I'm planning to start my big data consultancy and trying to come up with an initial product that suits my skills.
I've been working with big data frameworks for a few years, especially Apache Spark, (an analytics engine) with which I have a lot of experience.
My idea is a data processing / analytics service available to companies with a lot of data that they can't process themselves. It would include ETL reporting and live streaming (both can be done using Spark).
Scenario 1: A market research company prints impressions to a log file and accumulate 10TB of new data every day. They want to analyse this data and receive a report of the results on a daily basis but they don't have the hardware or the know-how. They hire me and give me access to their S3 bucket so can I create the spark job and generate the report every day using my own AWS Spark cluster. The company has no idea and don't care how I generate the report.

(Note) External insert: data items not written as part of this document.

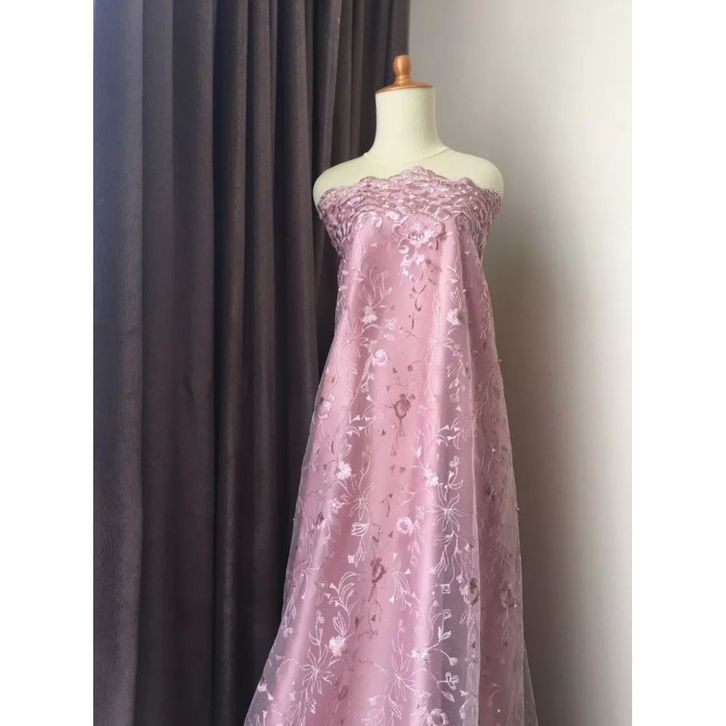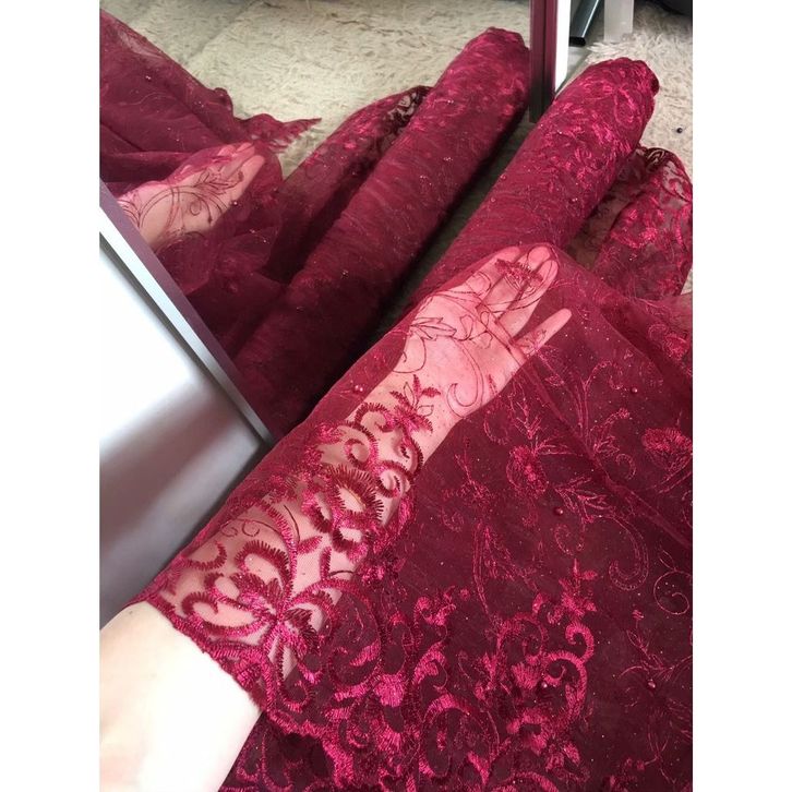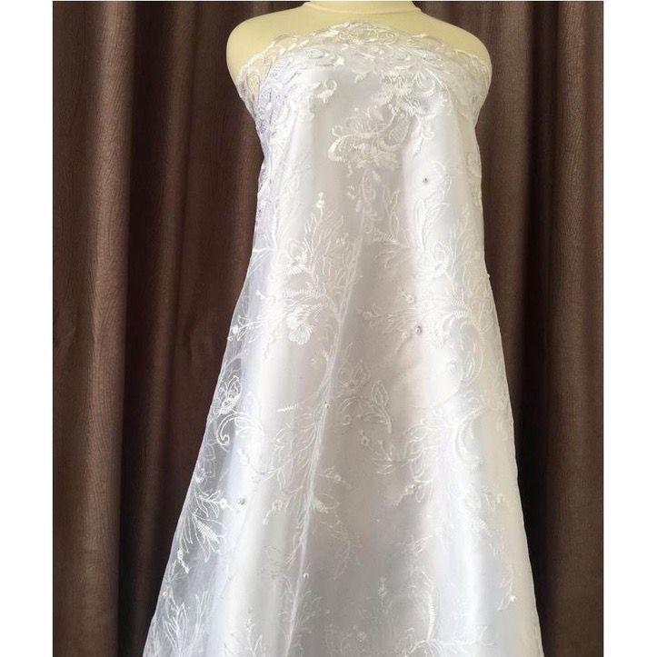 BAHAN KAIN TILE MUTIARA DOUBLE RENDA BAHAN TILE RENDA KEBAYA TILE MUTIARA TILE PINGGIRAN KAIN BAHAN TILE BRUKAT 0.5M
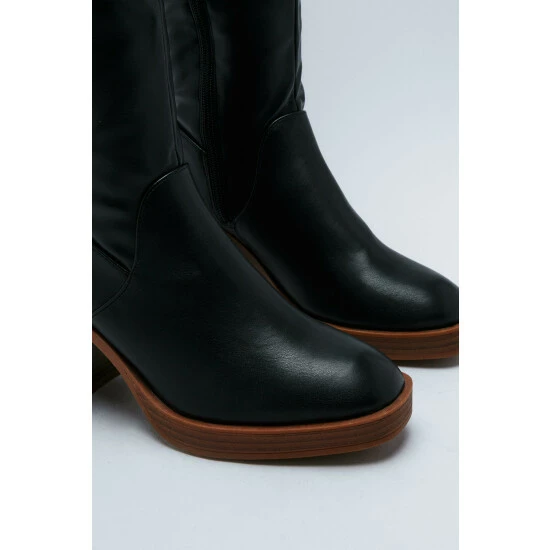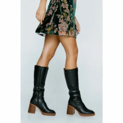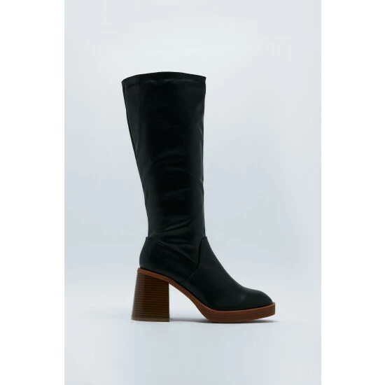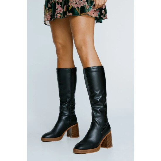 Made for walking. Style our faux leather platform knee high boots with a mini dress or jeans for interseasonal wear. Faux Leather Platform Knee High Boots Faux Leather Boots Knee High Boots Platform Boots Inner Leg Zip Fastening Wood Effect Heels Chunky Heels
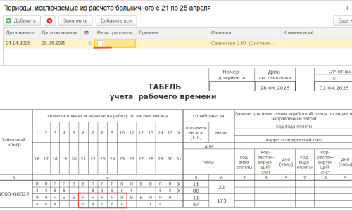 В бл на закладке Оплата добавила 14.04 как работа без флага регистрировать, в табеле все ок, но в ответе оплата за счет СФР с 17.04 по 24.04 и в табличной части не проставляется 14.04 как раб день.
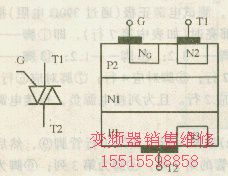 雙向晶閘管除了一個電極G仍然叫控制極外,另外兩個電極通常不再叫陽極和陰極,而統(tǒng)稱為主電極T1和T2。雙向晶閘管是一種N-P-N-P-N型5層結(jié)構(gòu)的半導體,其符號和內(nèi)部結(jié)構(gòu)圖見圖1-1。
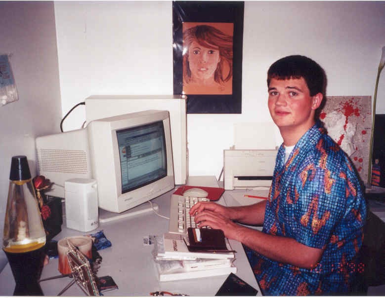 I’ll leave you with just a little flashback photo of a seventeen year old me — the exact moment I sent my first email. My yellow lava lamp had a pride of place on my bedroom desk, but I think my shirt was the real star of this show!

Scenario 2: A company needs a live view of an aggregated measure based on new data inserted into a Mongo database in the last hour. They give me access to the database, I write the streaming job and run it on my standalone Spark cluster and expose the results via a REST endpoint. Their front end guys can then generate fancy graphs from this aggregated data.
So basically I would only handle the data processing part based on their needs. I wouldn't provide insights or in depth analytics they didn't ask for, wouldn't provide charts or any kind of front end either. Just crunch the data for them using either my own hardware or AWS.
So is this too niche or does it sound workable?